■ **Aim of the task**
Return all of the data that follows precisely, leaving every image out.
** Opening Given information block **
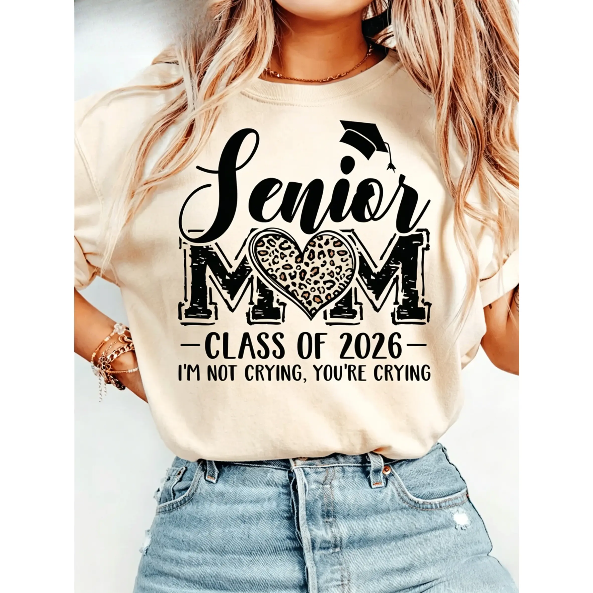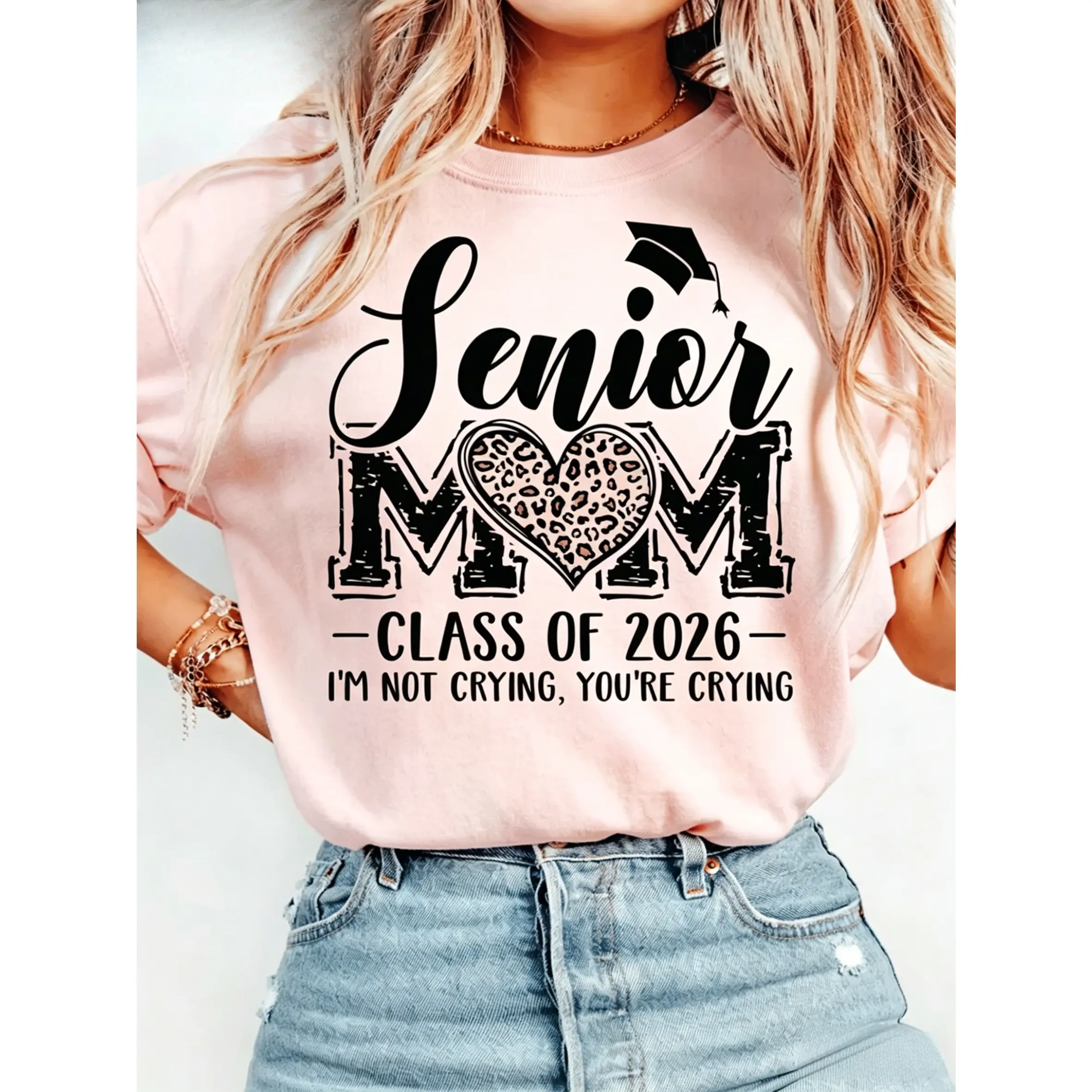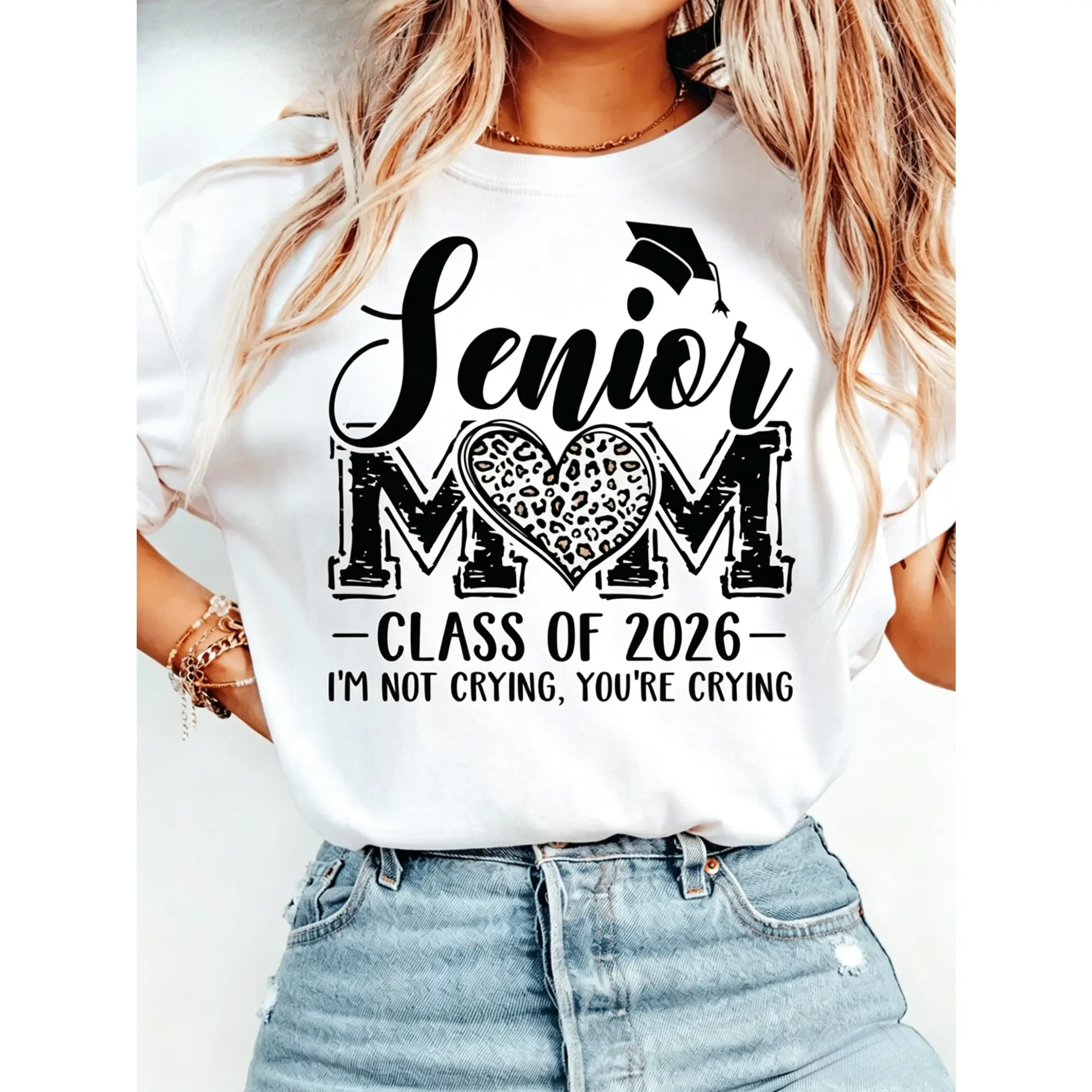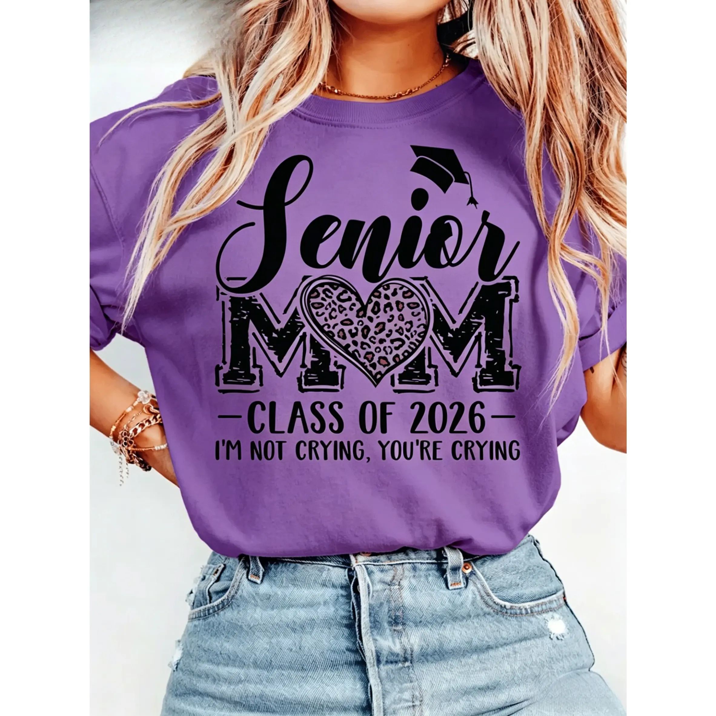 100% cotton, women's casual short-sleeve T-shirt - 2026 holiday fun pattern print, short-sleeve round-neck casual party top, machine washable holiday celebration clothing, family party gift
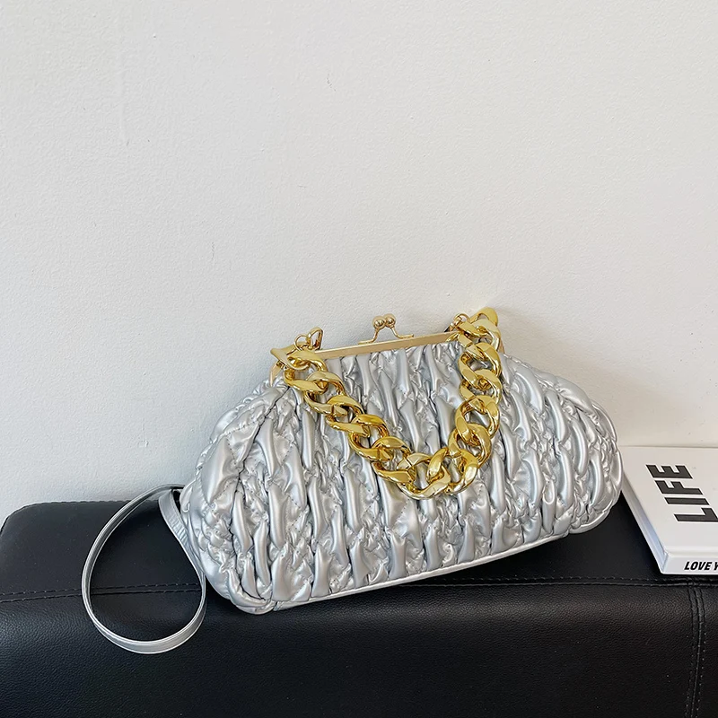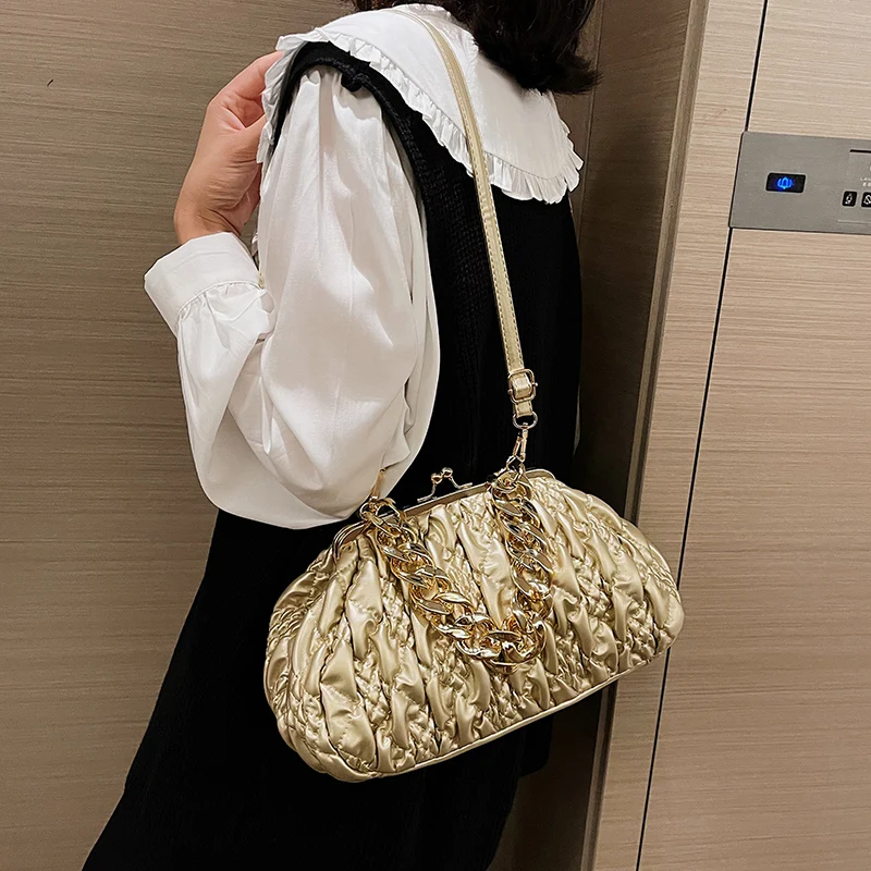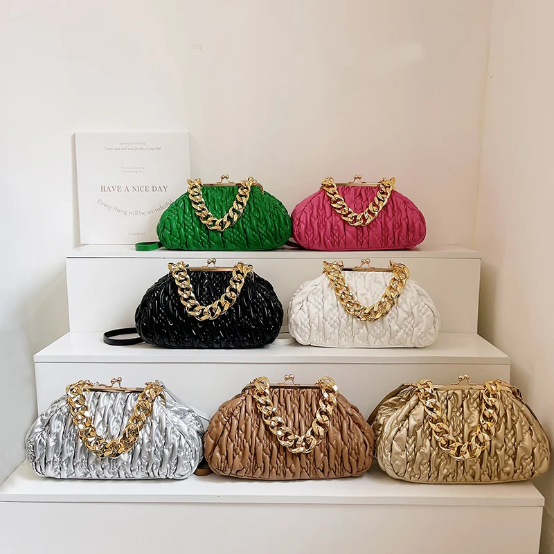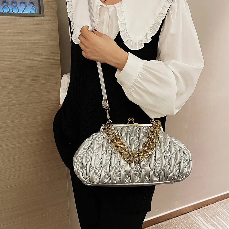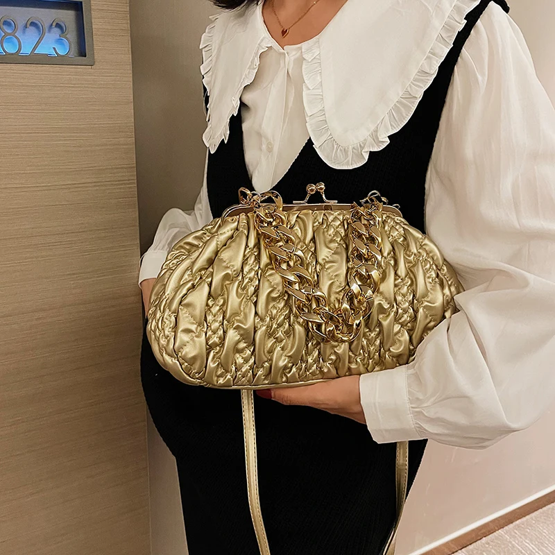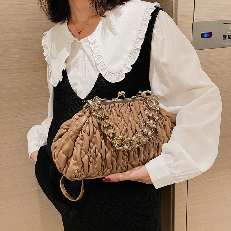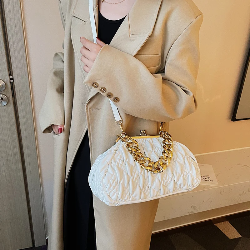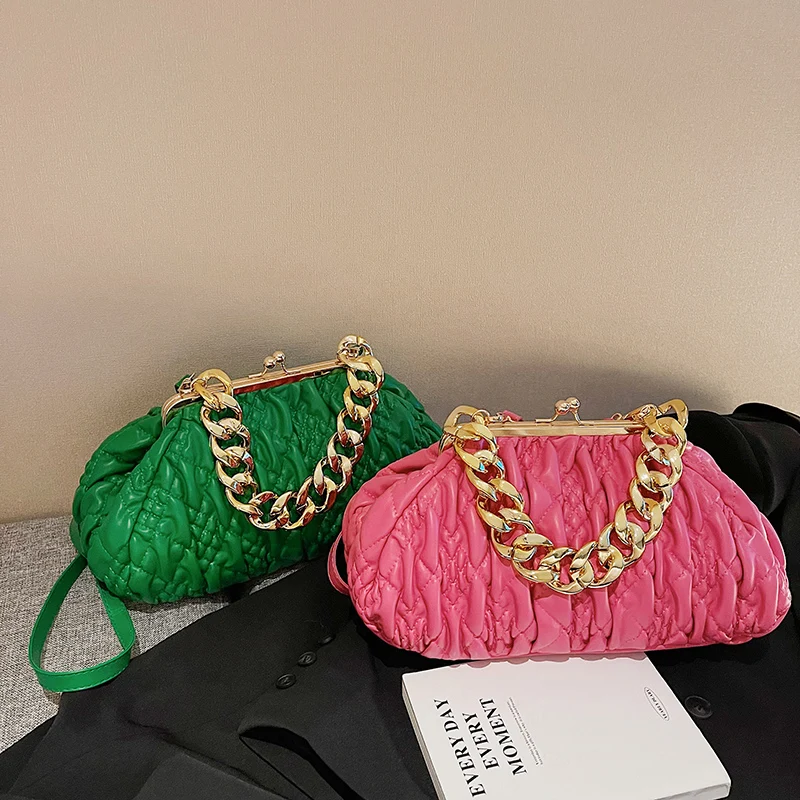 Women’s Bag Luxury Brand Designer Handbag Purse Thick Chain Shoulder Crossbody Bag PU Leather Fashion Clutch
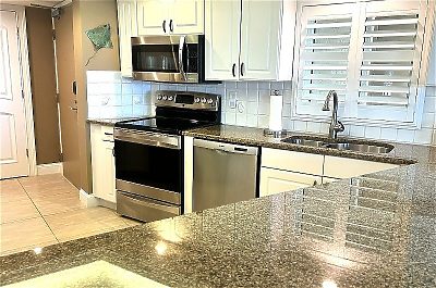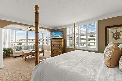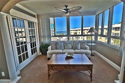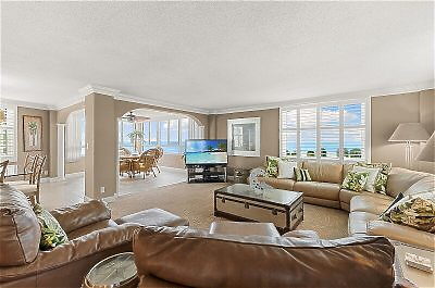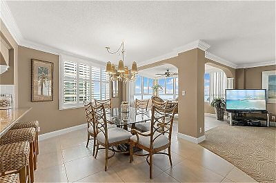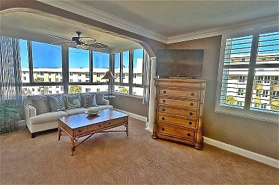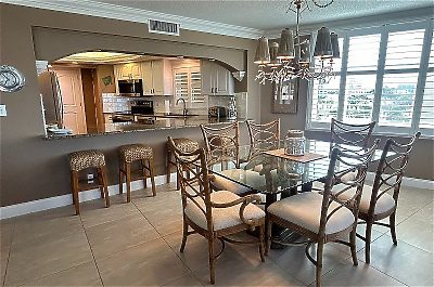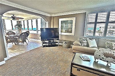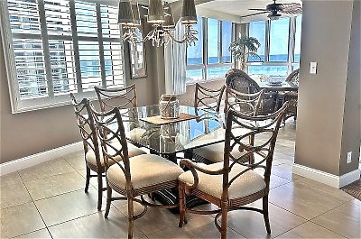 T0501 is a non-smoking unit in the Tower building, with an open concept living and dining room that extends out to the unit's enclosed lanai.
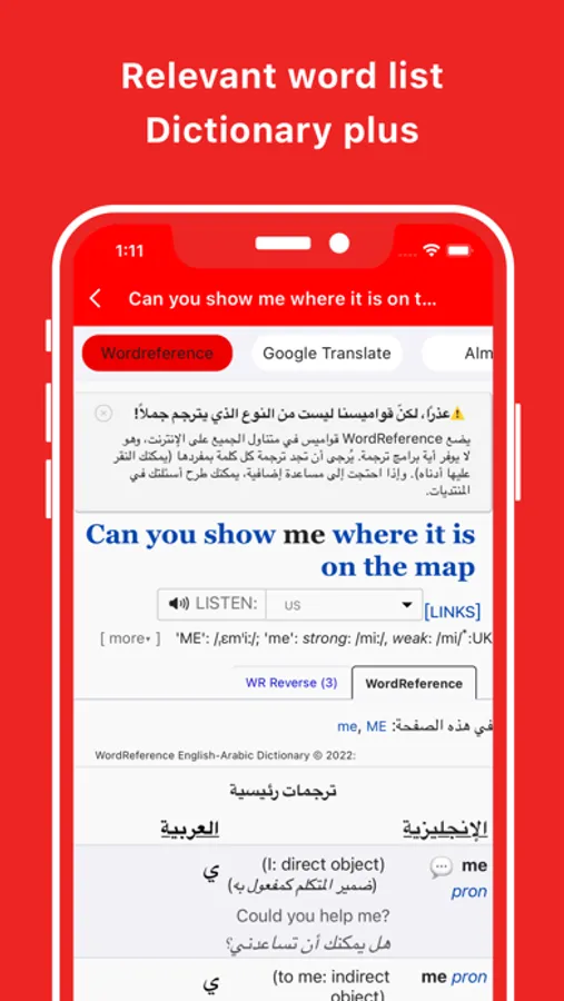 مترجم وقاموس من الإنجليزية إلى العربية ومن العربية إلى الإنجليزية عبر الإنترنت وغير متصل بالإنترنت مع القدرة على العثور على جمل وتعبيرات مماثلة.
** Closing Given information block **
■ **Exercise result**
 100% cotton, women's casual short-sleeve T-shirt - 2026 holiday fun pattern print, short-sleeve round-neck casual party top, machine washable holiday celebration clothing, family party gift
 Women’s Bag Luxury Brand Designer Handbag Purse Thick Chain Shoulder Crossbody Bag PU Leather Fashion Clutch
 T0501 is a non-smoking unit in the Tower building, with an open concept living and dining room that extends out to the unit's enclosed lanai.
 مترجم وقاموس من الإنجليزية إلى العربية ومن العربية إلى الإنجليزية عبر الإنترنت وغير متصل بالإنترنت مع القدرة على العثور على جمل وتعبيرات مماثلة.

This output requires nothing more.